The code is as follows:


Contact Us

The content source of this page is from Internet, which doesn't represent Alibaba Cloud's opinion; products and services mentioned on that page don't have any relationship with Alibaba Cloud. If the content of the page makes you feel confusing, please write us an email, we will handle the problem within 5 days after receiving your email.

If you find any instances of plagiarism from the community, please send an email to: info-contact@alibabacloud.com and provide relevant evidence. A staff member will contact you within 5 working days.

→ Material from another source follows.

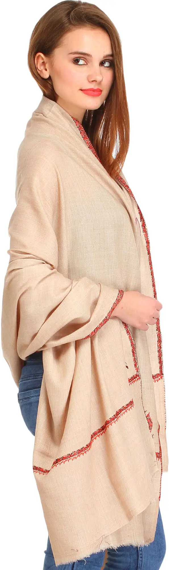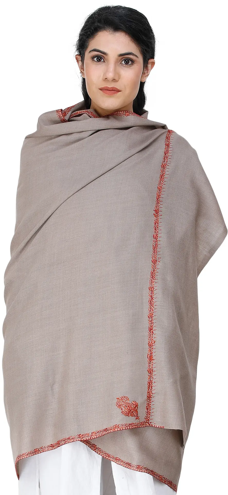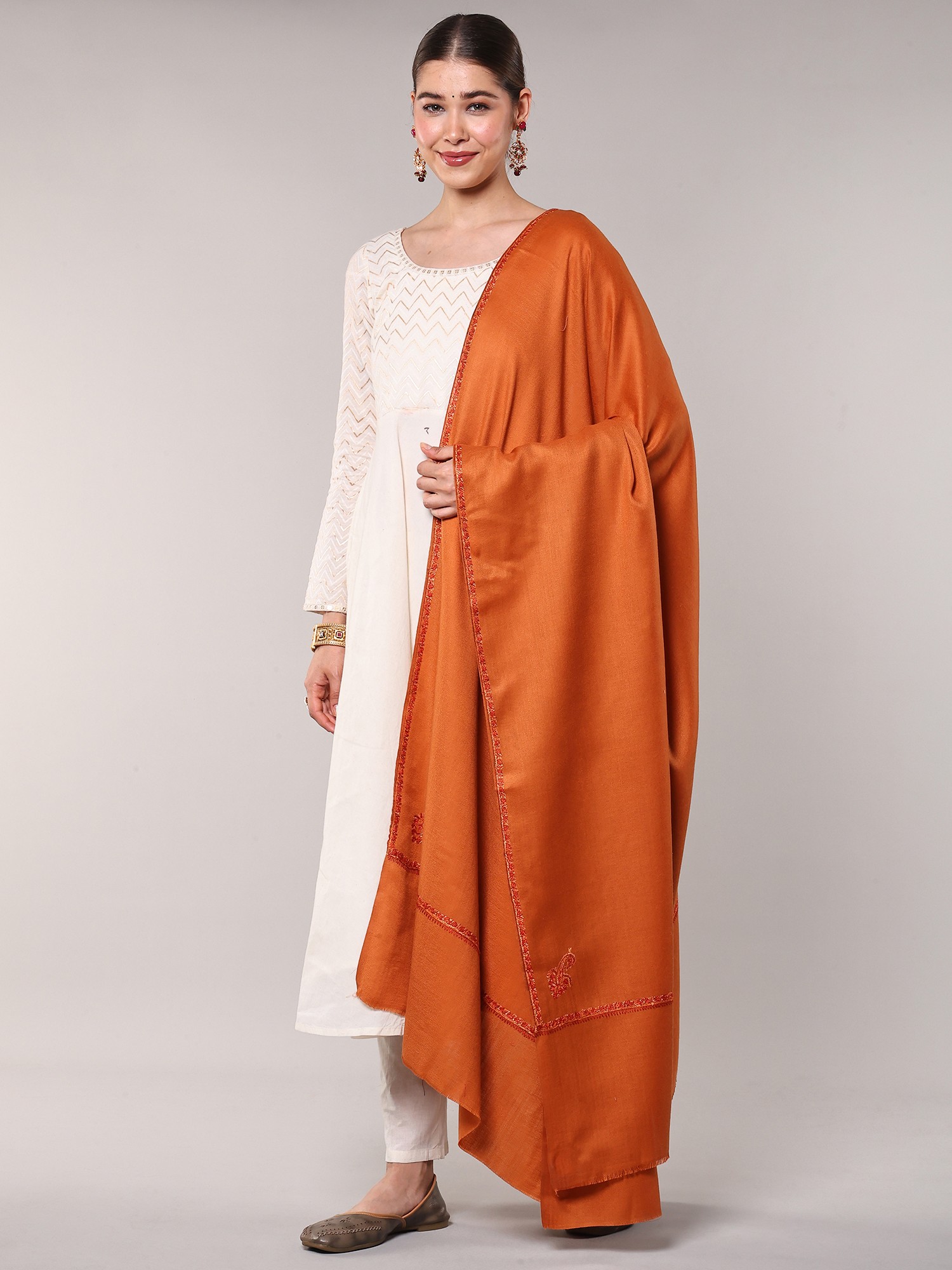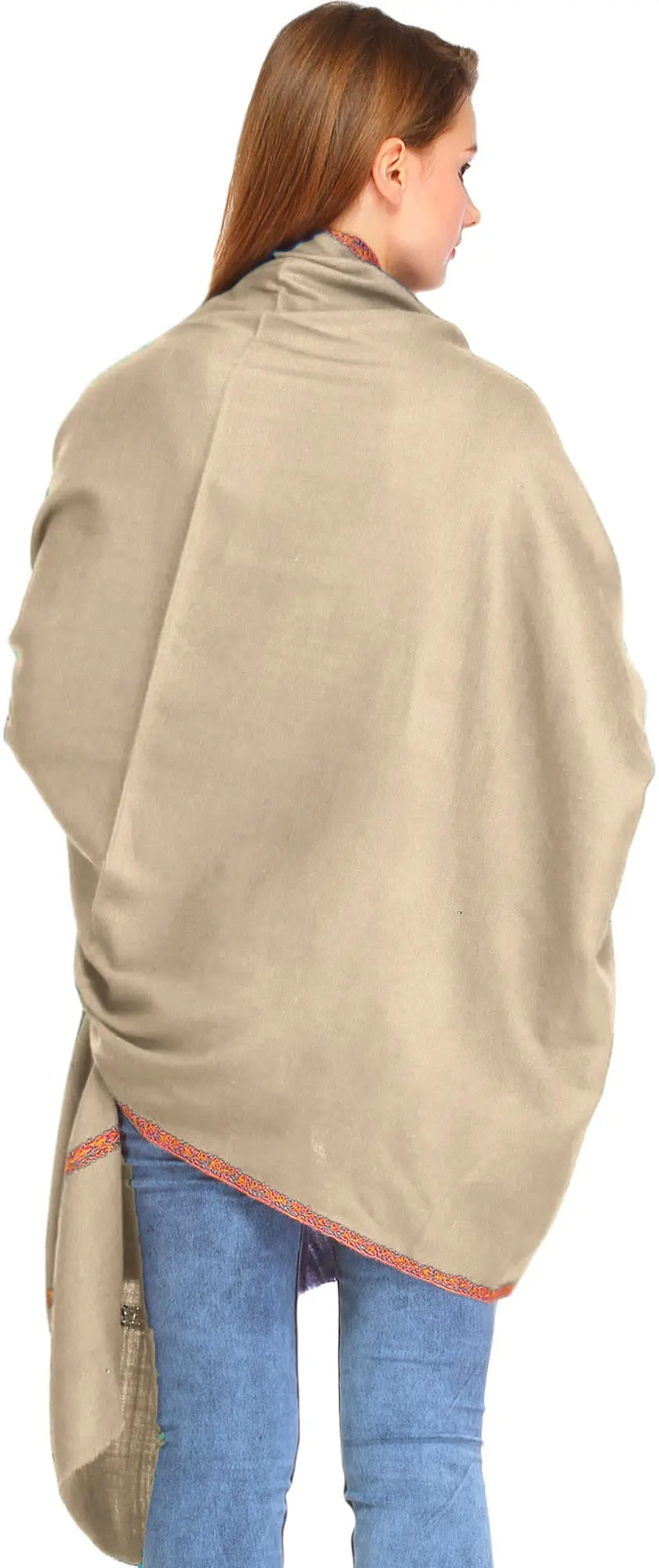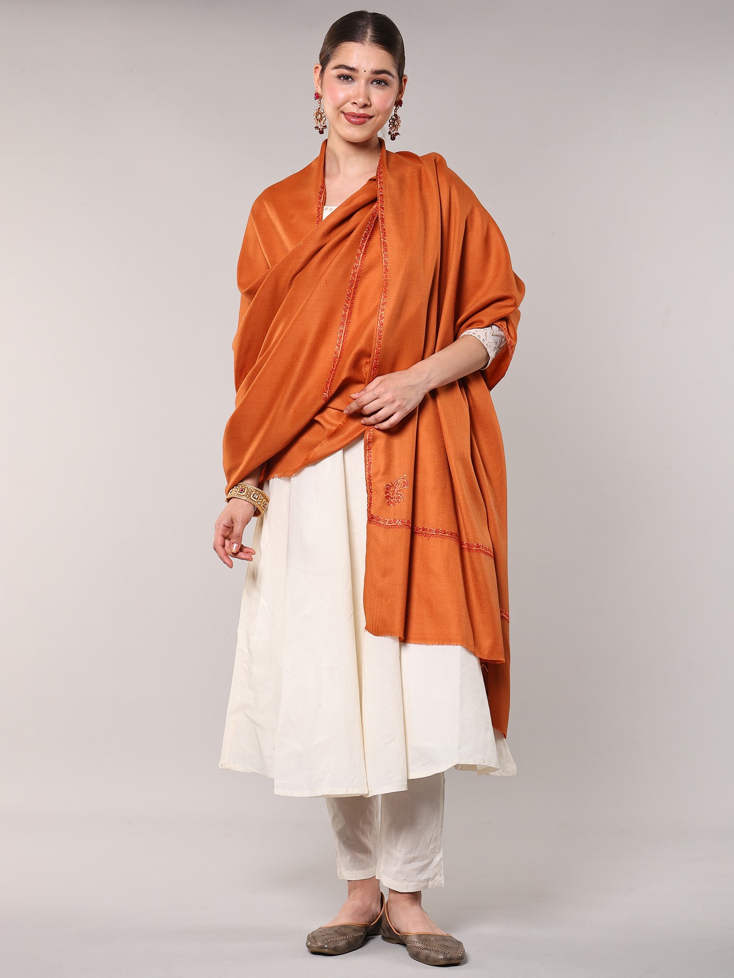 Besides being known for its mind-boggling beauty, Kashmir is very prominently known for its massive textile industry. Year after year, Kashmir has been surpassing every other state who have made India's mark globally through its textile industry. There is no way that you would not be able to distinctively spot Kashmiri shawls since most of them display unique symmetrically aligned motifs and embroidery of ancient art. Once a Kashmiri shawl has been made a part of your existing collection of shawls, you wouldn't be able to gauge the ever-lasting value added to your wardrobe. This alluring piece of accessory which you can see in the picture has been the most sophisticated and graceful Kashmiri Kingri shawl you will ever come across. With the minimal sozni embroidery accompanying the borders of the shawl, you would certainly want to buy this piece of accessory once you have your eyes on it. With the availability of 7 colors, get ready to feel the warmest this winter with our amazing collection of Kashmiri shawls that are made with love and 100% pure wool, to make you feel the warmest in winters.

A Free Trial That Lets You Build Big!

Start building with 50+ products and up to 12 months usage for Elastic Compute Service

  • Sales Support

    1 on 1 presale consultation

  • After-Sales Support

    24/7 Technical Support 6 Free Tickets per Quarter Faster Response

  • Alibaba Cloud offers highly flexible support services tailored to meet your exact needs.